Apply uniform precision quantization to a model, specifying precision for weight & activation.

This method quantizes all layers in the model uniformly based on the specified precision levels for weights and activations.

Parameters:

Name Type Description Default
input_model_path str

The file path where the model is located.

required
output_dir str

The local folder path to save the quantized model.

required
dataset_path str

Path to the dataset. Useful for certain quantizations.

required
metric SimilarityMetric

Quantization quality metrics.

SNR
weight_precision QuantizationPrecision

Weight precision

INT8
activation_precision QuantizationPrecision

Activation precision

INT8
input_layers List[InputShape]

Target input shape for quantization (e.g., dynamic batch to static batch).

None
wait_until_done bool

If True, wait for the quantization result before returning the function. If False, request the quantization and return the function immediately.

True

Raises:

Type Description
e

If an error occurs during the model quantization.

Returns:

Name Type Description
QuantizerMetadata

Quantize metadata.

Examples

from netspresso import NetsPresso
from netspresso.enums import QuantizationPrecision, SimilarityMetric


netspresso = NetsPresso(email="YOUR_EMAIL", password="YOUR_PASSWORD")

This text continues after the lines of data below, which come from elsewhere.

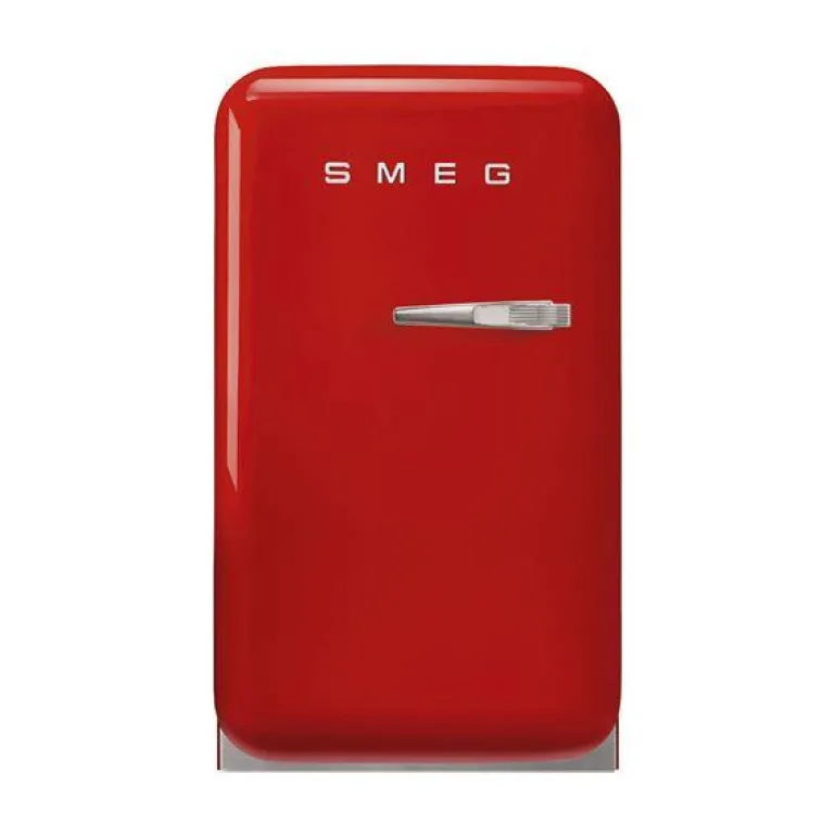 Rødt, lite Smeg kjøleskap/minibar (FAB5) i 50-talls retro design, 73 cm, venstrehengt. Et lekkert kjøleskap i støpt plast som lyser opp ditt kjøkken.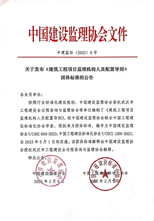 十大现金买球入口发布《建筑工程项目监理机构人员配置导则》团体标准的公告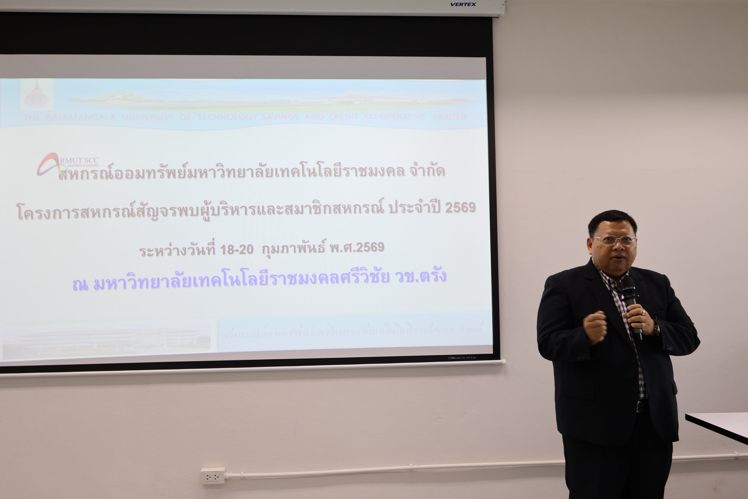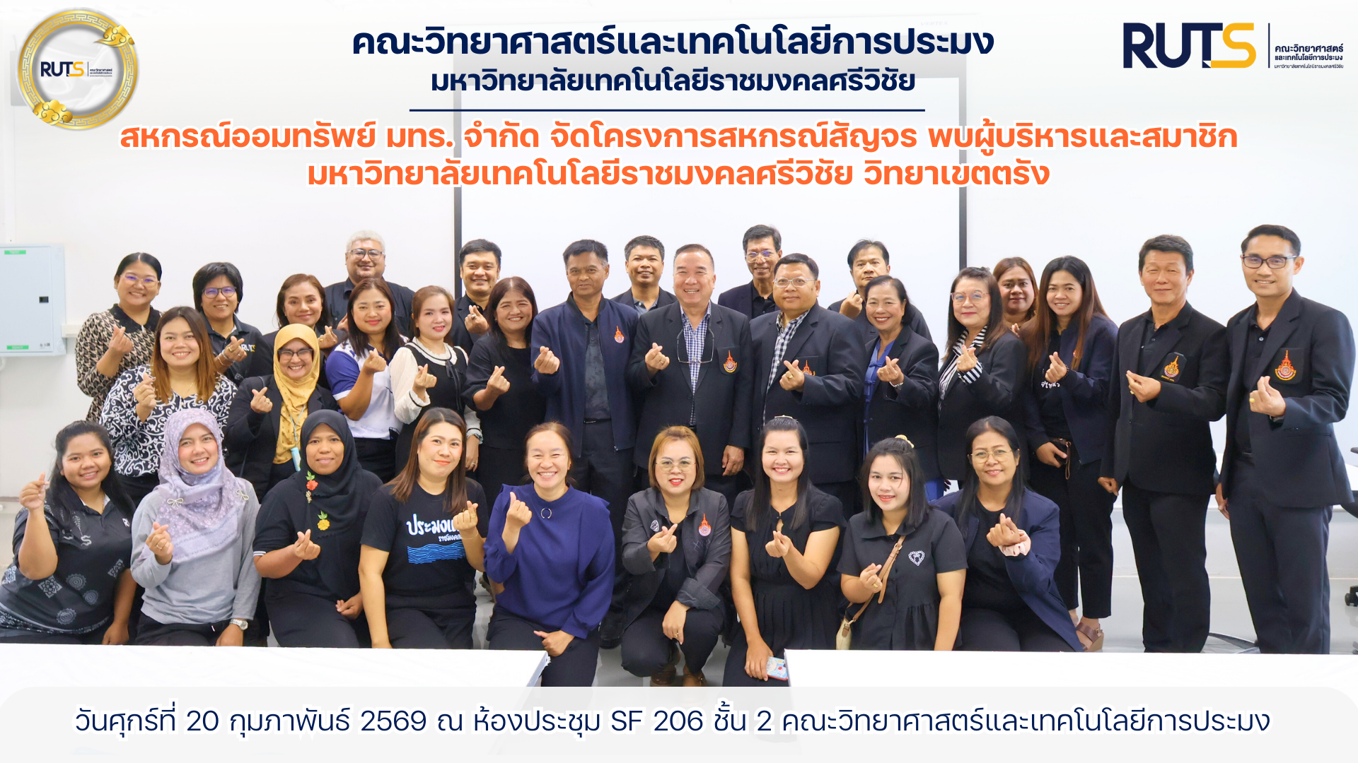 สหกรณ์ออมทรัพย์มหาวิทยาลัยเทคโนโลยีราชมงคล จำกัด จัดโครงการ “สหกรณ์สัญจรพบผู้บริหาร สมาชิกสหกรณ์ และผู้สนใจ” ภายใต้กิจกรรม “เยี่ยมเยียนสมาชิกและให้ความรู้สัญจร” เมื่อวันศุกร์ที่ 20 กุมภาพันธ์ 2569 ณ ห้องประชุม SF 206 ชั้น 2 คณะวิทยาศาสตร์และเทคโนโลยีการประมง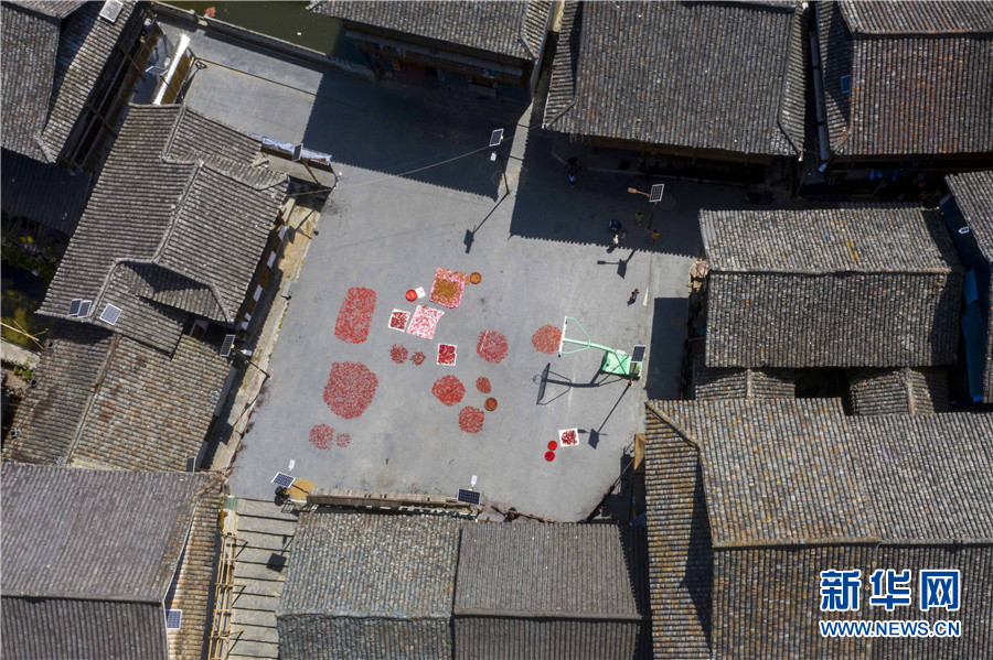 8月28日,在貴州省從江縣往洞鎮增衝侗寨,村民在晾曬辣椒(無人機照片)。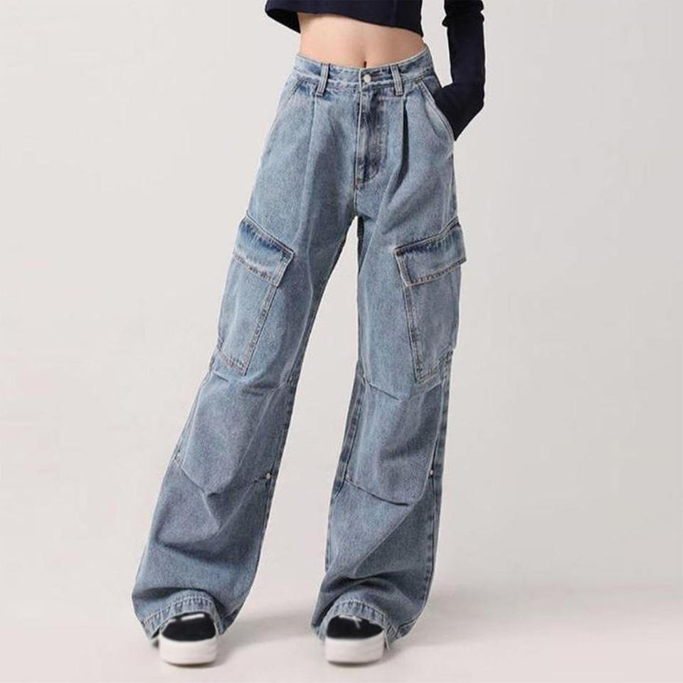 กางเกงยีนส์ขาตรงเอวสูงของผู้หญิงทรงหลวมแนวสตรีทแวร์สไตล์วินเทจ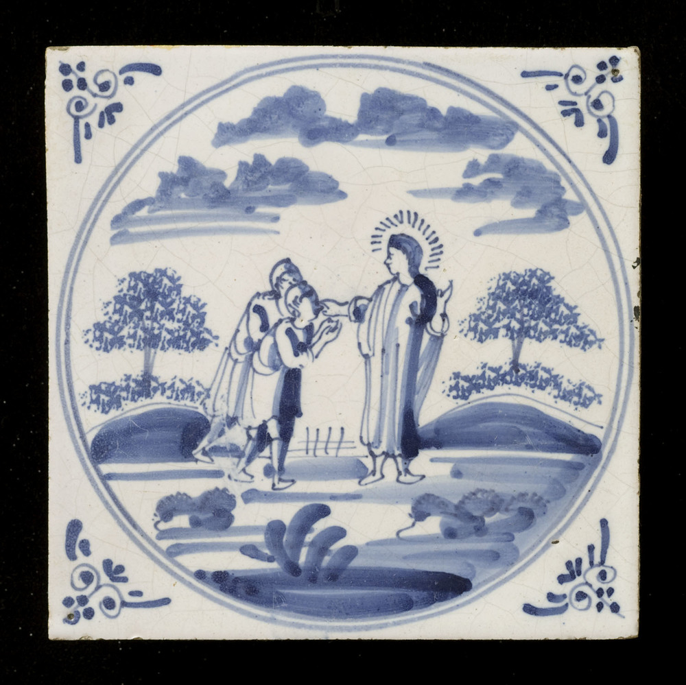 Tegel van aardewerk met tinglazuur voorstellende een...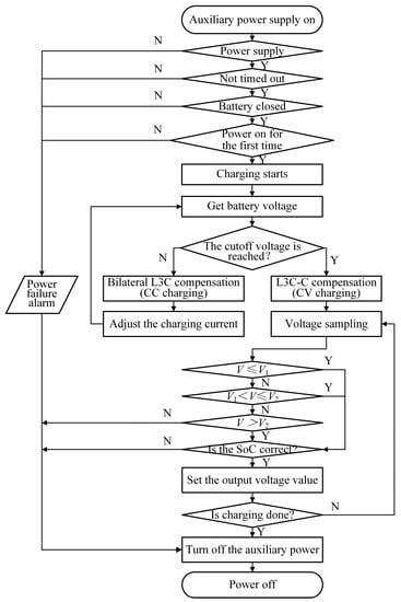 - The system shutdown phase. System shutdown is divided into normal and abnormal shutdown. If the battery is charged full and the voltage, current, SoC, and temperature are normal (i.e., no alarm information appears), the control system sends the normal shutdown command, the auxiliary power turns off and charging system powers off. Abnormal shutdown includes that voltage, current, or temperature is out of the normal range. Then the system sends the battery alarm information: an overvoltage alarm is generated when the single voltage exceeds 3.75 V and an undervoltage alarm is generated when the voltage is lower than 2.5 V; the upper limit of the temperature alarm is 60 °C and the lower limit is −10 °C Abnormal system shutdown also includes that the SoC estimation is wrong. After the judgement, the power is cut off immediately to protect the charging system.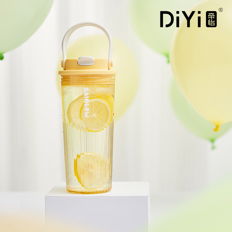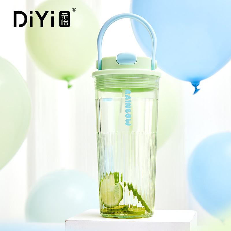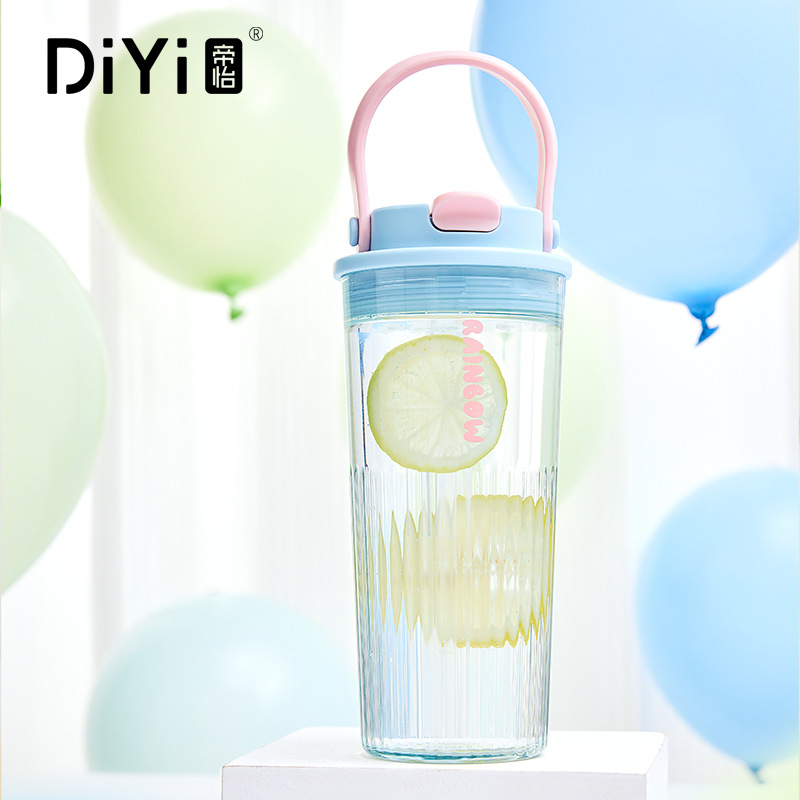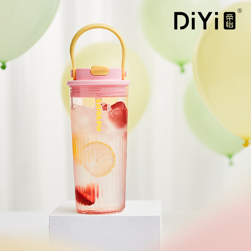 Diyi 높은 모양의 휴대용 물 컵 학생 플라스틱 컵 핸들 직접 마시는 컵 여성 여름 배치

quantizer = netspresso.quantizer()
quantization_result = quantizer.uniform_precision_quantization(
    input_model_path="./examples/sample_models/test.onnx",
    output_dir="./outputs/quantized/uniform_precision_quantization",
    dataset_path="./examples/sample_datasets/pickle_calibration_dataset_128x128.npy",
    metric=SimilarityMetric.SNR,
    weight_precision=QuantizationPrecision.INT8,
    activation_precision=QuantizationPrecision.INT8,
)